Researchers shed light on how the presence of fat suppresses and estrogen increases bronchodilation

MONDAY, May 17 (HealthDay News) -- A high fat intake can increase airway inflammation and suppress bronchodilator response in people with asthma, but a concentration of estrogens may facilitate bronchodilation, and activation of estrogen receptors may be therapeutic for airway diseases, according to two studies presented at the annual meeting of the American Thoracic Society, held from May 14 to 19 in New Orleans.

Lisa G. Wood, Ph.D., of the University of Newcastle in Australia, and colleagues gave 16 obese subjects with asthma a high-fat/high-energy (HF) food challenge and randomized 30 non-obese subjects with asthma to receive the HF or a low-fat/low-energy (LF) food challenge. Four hours after eating, the HF subjects had a significantly higher increase in sputum neutrophils (16.4 versus 3.4 percent) and an impaired bronchodilator response compared to the LF subjects. There was no difference in the response to the HF challenge between obese subjects and non-obese subjects with asthma.

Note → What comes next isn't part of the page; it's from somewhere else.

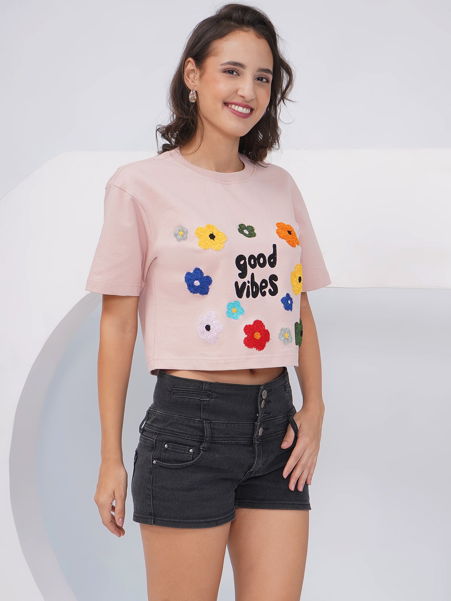 Spread positivity and style with this Pink “Good Vibes” Embroidered Oversized Crop Top. Featuring playful multicolored floral embroidery and a bold “good vibes” text at the center, this top brings a cheerful, laid-back charm to your casual looks. Its cropped length and relaxed oversized fit make it perfect for pairing with shorts, jeans, or skirts for an easygoing weekend outfit.

Elizabeth A. Townsend, of the Mayo Clinic College of Medicine in Rochester, Minn., and colleagues hypothesized that estrogens facilitate bronchodilation by modulating cyclic nucleotide regulation. Examining surgical lung samples of human airway smooth muscle (ASM), they found expression of both estrogen receptors ERα and ERβ. In ASM cells loaded with the Ca2+ indicator fura-2, acute exposure to 17β estradiol blunted response to bronchoconstrictor agonists, and these effects were prevented by ER antagonists.

"These novel data suggest that, in human ASM, clinically-relevant concentrations of estrogens act via ERs and the cAMP pathway to non-genomically produce bronchodilation. Activation of ERs may be a novel therapeutic mechanism in airway diseases such as asthma, especially in combination with established therapies such as β2-agonists which also act via cAMP," Townsend and colleagues conclude.